Then the generating function of the sum X=X_1+\cdots+X_n is g(z)^n=(q+p z)^n. The following is the binomial expansion:

\text{ }

\displaystyle \begin{aligned}(8) \ \ \ \ \ \ g(z)^n&=(q+p z)^n \\&\text{ } \\&=\sum \limits_{j=0}^n \binom{n}{j} q^{n-j} \ p^j \ z^j  \end{aligned}

\text{ }

By definition (2), the generating function of X=X_1+\cdots+X_n is:

\text{ }

\text{ }

(9) \ \ \ \ \ \ g(z)^n=\sum \limits_{j=0}^\infty P(X=j) \ z^j

\text{ }

Comparing (8) and (9), we have

\displaystyle (10) \ \ \ \ \ \ P(X=j)=\left\{\begin{matrix}\displaystyle \binom{n}{j} p^j \ q^{n-j}&\ 0 \le j \le n\\{0}&\ j>n \end{matrix}\right.

The probability distribution indicated by (8) and (10) is that of a binomial distribution. Since the probability distribution of a random variable is uniquely determined by its generating function, the independent sum of Bernoulli distributions must ave a Binomial distribution.

\text{ }

Example 2
Suppose that X_1,X_2,\cdots,X_n are independent and have Poisson distributions with parameters \alpha_1,\alpha_2,\cdots,\alpha_n, respectively. Then the independent sum X=X_1+\cdots+X_n has a Poisson distribution with parameter \alpha=\alpha_1+\cdots+\alpha_n.

Let g(z) be the generating function of X=X_1+\cdots+X_n.
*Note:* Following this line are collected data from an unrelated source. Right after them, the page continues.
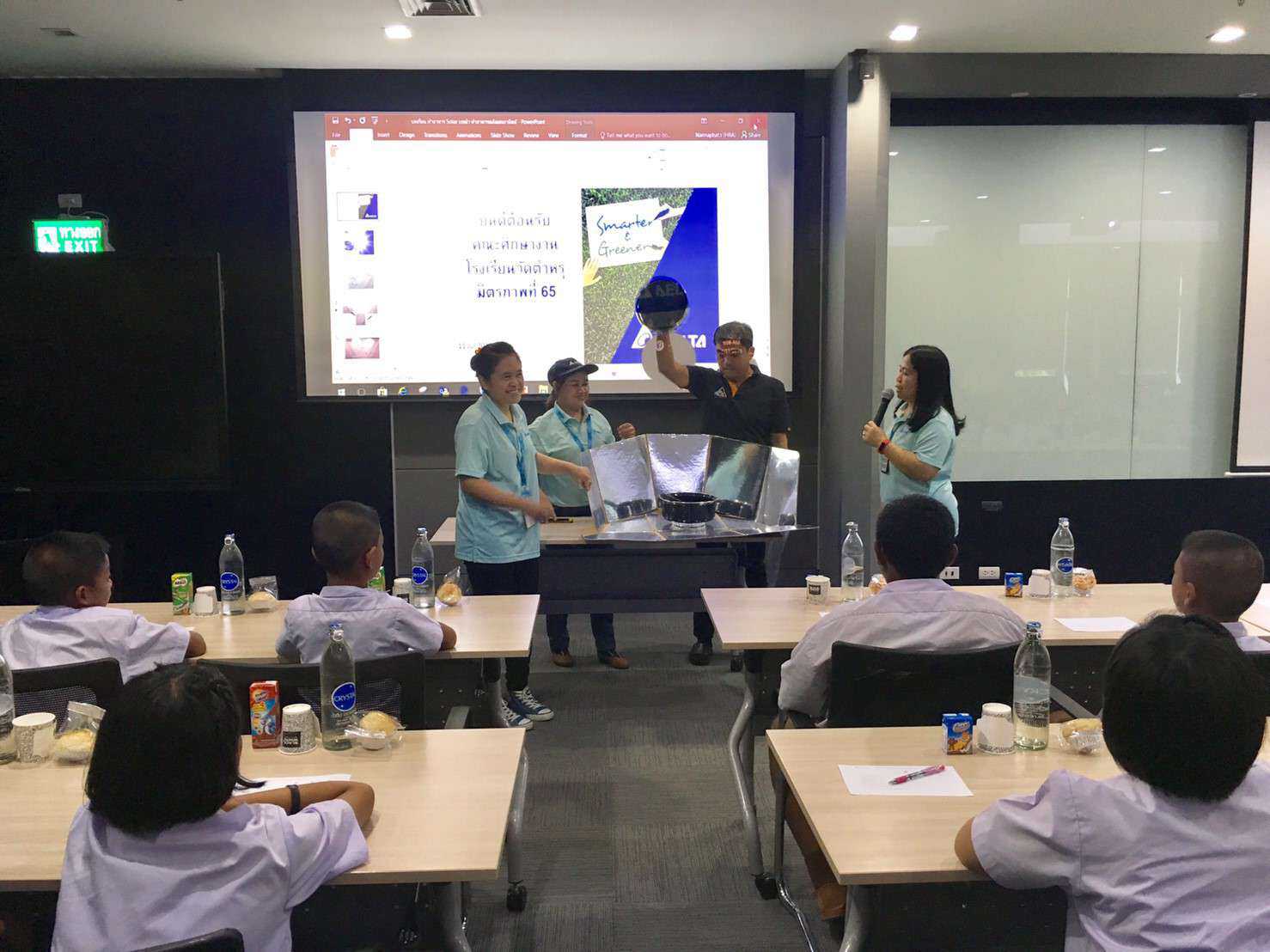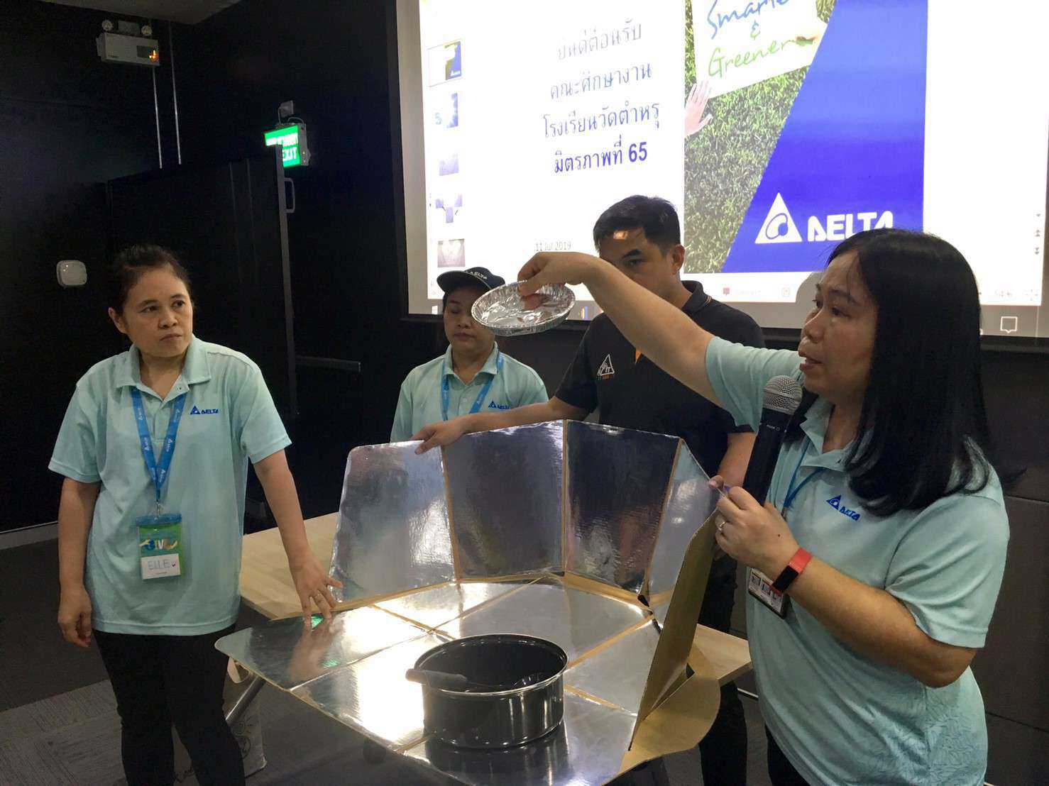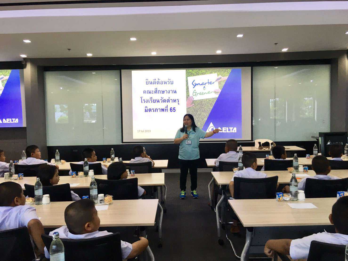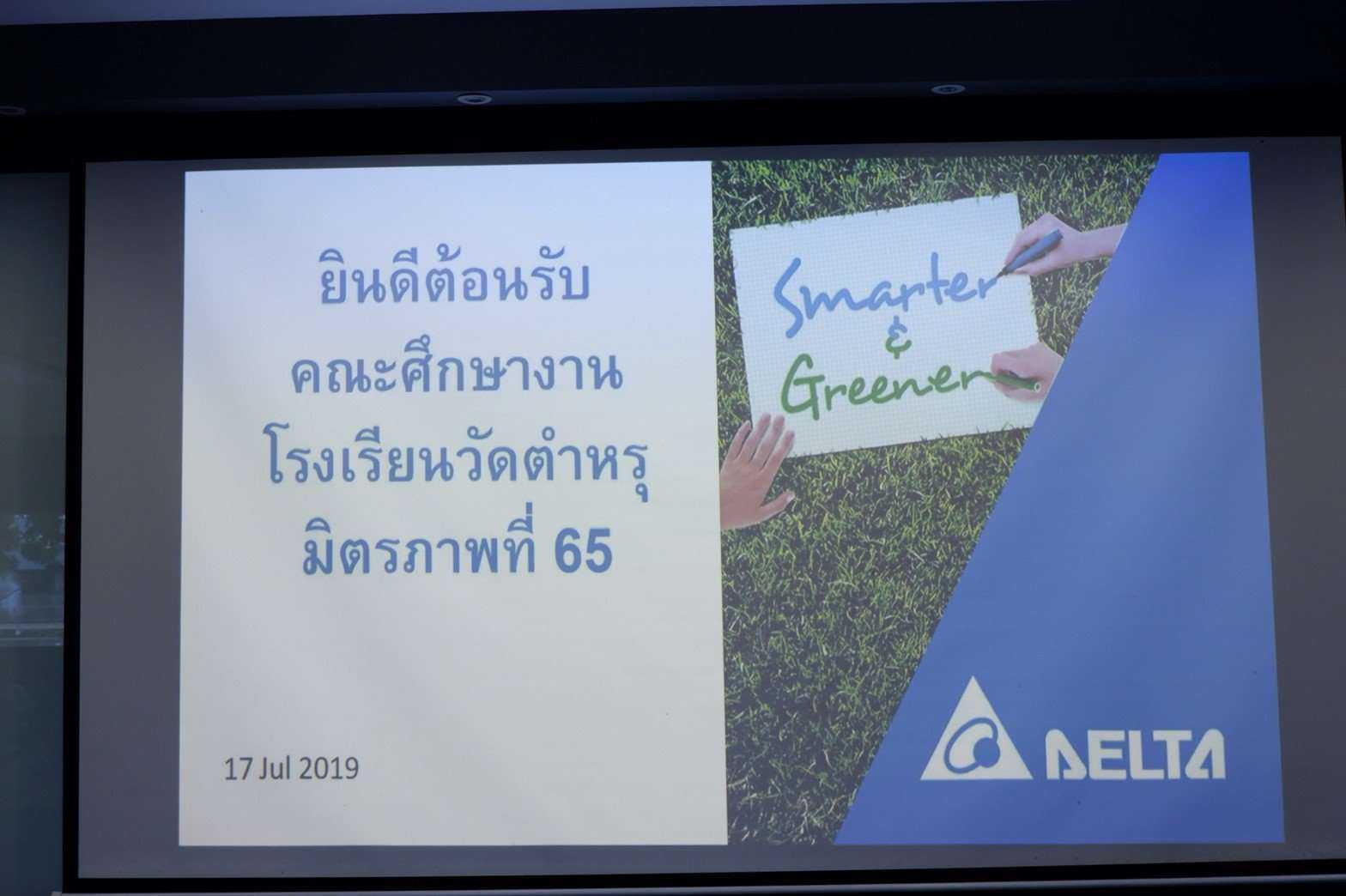 วันพฤหัสบดีที่ 11 กรกฎาคม พ.ศ. 2562 คณะครูโรงเรียนวัดตำหรุ มิตรภาพที่ 65 ได้นำนักเรียนระดับชั้นประถมศึกษาปีที่ 5 เยี่ยมชมศึกษางานการประยุกต์ใช้พลังงานทดแทนในชีวิตประจำวันและการจัดการอาคารเขียว ณ บริษัท เดลต้า อีเลคโทรนิคส์ (ประเทศไทย) จำกัด (มหาชน) จ. สมุทรปราการ โดยมีคุณยงยุทธ ภักตร์ดวงจันทร์ ผู้อำนวยการ แผนกบริหารและทรัพยากรบุคคลกล่าวต้อนรับ เนื่องจากทางบริษัทมีกิจกรรมเปิดบ้าน (Open House)ให้กับโรงเรียนได้นำนักเรียนเข้าศึกษาดูงานเกี่ยวกับการจัดการพลังงาน การปรุงอาหารด้วยพลังงานแสงอาทิตย์ การปลูกผักในพื้นที่อาคาร(พื้นที่จำกัด) และการจัดการอาคารเขียว เพื่อเป็นแนวทางให้นักเรียนสามารถนำไปประยุกต์ใช้ให้เหมาะสมกับสถานการณ์ที่โลกมีการเปลี่ยนแปลงทางด้านสภาพแวดล้อมและการใช้พลังงานทดแทน S:1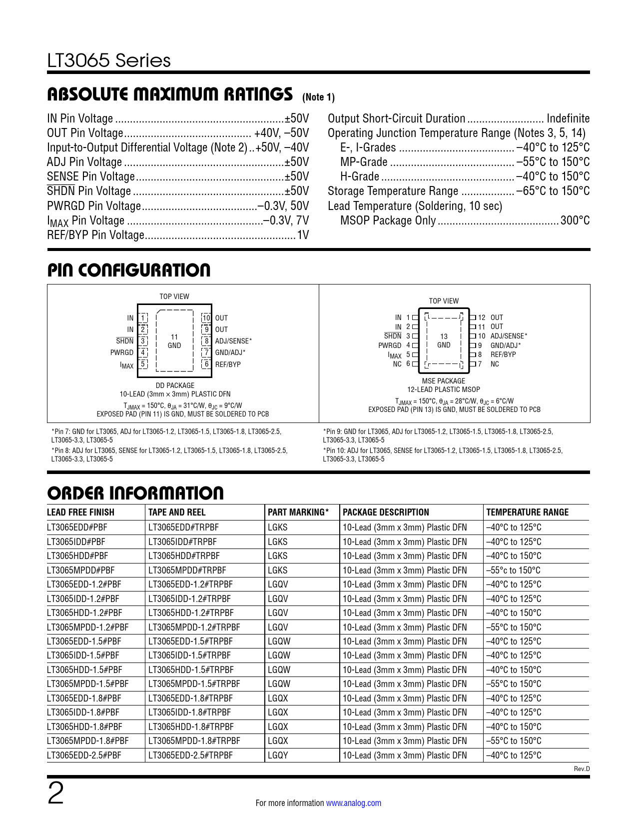 Datasheet LT3065 (Analog Devices) - 2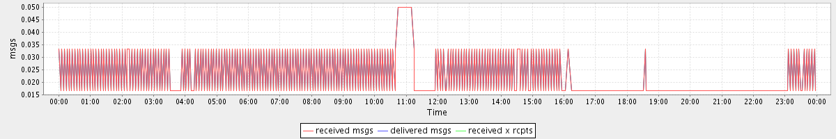 avg(received msgs) = 0.01 avg(delivered msgs) = 0.01 avg(received x rcpts) = 0.01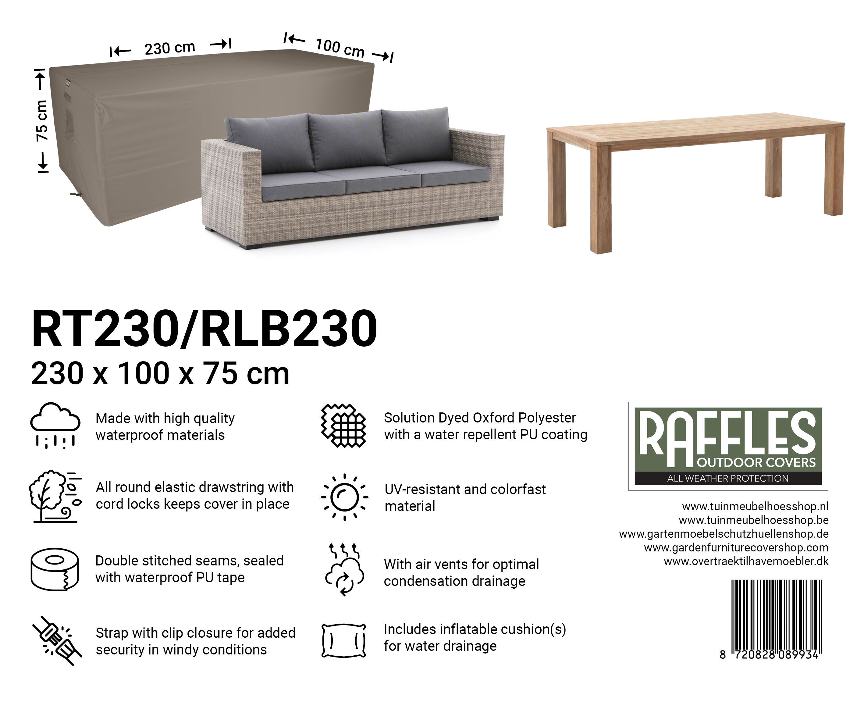 With the RT series garden table covers from Raffles Covers you can protect your garden table(s) all year round against rain, sun, dirt, green deposits, bird droppings and UV radiation. Whether you have a compact bistro table, a standard rectangular garden table or an extra-long XXL table, there is always a suitable cover so your table stays clean and is immediately ready for use.

For each i, the generating function of X_i is g_i(z)=e^{\alpha_i (z-1)}. The key to the proof is that the product of the g_i has the same general form as the individual g_i.

\displaystyle \begin{aligned}(11) \ \ \ \ \ \ g(z)&=g_1(z) \cdots g_n(z) \\&\text{ } \\&=e^{\alpha_1 (z-1)} \cdots e^{\alpha_n (z-1)} \\&\text{ } \\&=e^{(\alpha_1+\cdots+\alpha_n)(z-1)} \end{aligned}

The generating function in (11) is that of a Poisson distribution with mean \alpha=\alpha_1+\cdots+\alpha_n. Since the generating function uniquely determines the distribution, we can deduce that the sum X=X_1+\cdots+X_n has a Poisson distribution with parameter \alpha=\alpha_1+\cdots+\alpha_n.

\text{ }

Example 3
In rolling a fair die, let X be the number shown on the up face. The associated generating function is:

\displaystyle. \ \ \ \ \ \ g(z)=\frac{1}{6}(z+z^2+z^3+z^4+z^5+z^6)=\frac{z(1-z^6)}{6(1-z)}

The generating function can be further reduced as:

\displaystyle \begin{aligned}. \ \ \ \ \ \ g(z)&=\frac{z(1-z^6)}{6(1-z)} \\&\text{ } \\&=\frac{z(1-z^3)(1+z^3)}{6(1-z)} \\&\text{ } \\&=\frac{z(1-z)(1+z+z^2)(1+z^3)}{6(1-z)} \\&\text{ } \\&=\frac{z(1+z+z^2)(1+z^3)}{6}  \end{aligned}

Suppose that we roll the fair dice 4 times. Let W be the sum of the 4 rolls. Then the generating function of Z is

\displaystyle. \ \ \ \ \ \  g(z)^4=\frac{z^4 (1+z^3)^4 (1+z+z^2)^4}{6^4}

The random variable W ranges from 4 to 24. Thus the probability function ranges from P(W=4) to P(W=24). To find these probabilities, we simply need to decode the generating function g(z)^4. For example, to find P(W=12), we need to find the coefficient of the term z^{12} in the polynomial g(z)^4. To help this decoding, we can expand two of the polynomials in g(z)^4.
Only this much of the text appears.